(205a) Atomically Precise Gold Clusters with Modulated Ligand and Support Environment for Oxidation Catalysis

Kapil, N., University College London
Nigra, M. M., The University of Utah
Coppens, M. O., University College London
Noble metal atom clusters have gained a lot of attention recently, because of their fascinating properties that emerge due to their unique electronic and geometric structures. These clusters find broad applications in fields ranging from catalysis to biomedicine. Different methodologies have been developed to synthesise and stabilise monodisperse atomic clusters. The most common method of preparation is colloidal preparation, which generally employs stabilizing ligands (mainly surfactants, ionic liquids, organic moieties) to prevent them from aggregating. In preparing these clusters, the metal-ligand interactions play a very important role to tune the electronic structure, which influences their final properties, especially in catalysis.

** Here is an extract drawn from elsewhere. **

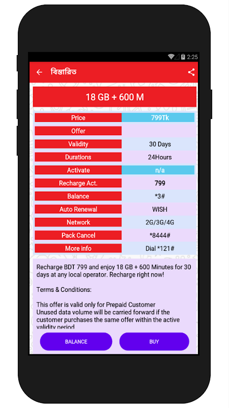 Cette application est simple, efficace et indispensable pour quiconque utilise une carte SIM bangladaise. Alors que des milliers d'utilisateurs en bénéficient déjà, c'est maintenant à votre tour. Que vous soyez étudiant, voyageur, homme d'affaires ou simplement quelqu'un qui souhaite les meilleurs forfaits Internet et voix, cette application est faite pour vous.
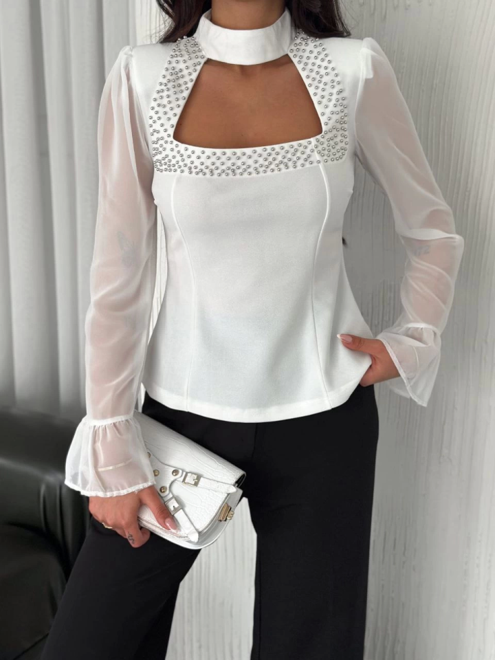 Kolları Şifon Göğüste İnci Boncuk Detaylı Bluz – Beyaz

Herein, we report a facile, one-pot methodology to synthesize very stable, atomically precise gold clusters (< 2 nm core size) using triphenylphosphine as a stabilizing ligand. In addition to batch synthesis, we also employ a continuous microfluidic system. The latter has various advantages over the batch system, such as controlled mixing and a narrow residence time distribution. Gold (I) precursors of varying steric hindrance were used to tune the final size of the gold clusters and to understand the role of bound organic ligands. UV/Vis spectroscopy and electron microscopy (HAADF-STEM) are used to determine the particle size. A relationship has been discovered that correlates the steric hindrance around the metal to the final size of the nanoparticles. The synthesized gold clusters are successfully dispersed onto different metal oxide supports, such as TiO2, ordered mesoporous silica SBA-15 and disordered SiO2, without any alteration in the final size of the immobilized gold clusters. The catalytic activity of these supported gold clusters in the conversion of benzyl alcohol to benzaldehyde and propylene to propylene epoxide is presented. The effect of the different ligands and the support materials on the catalytic activity of these small gold clusters will be demonstrated.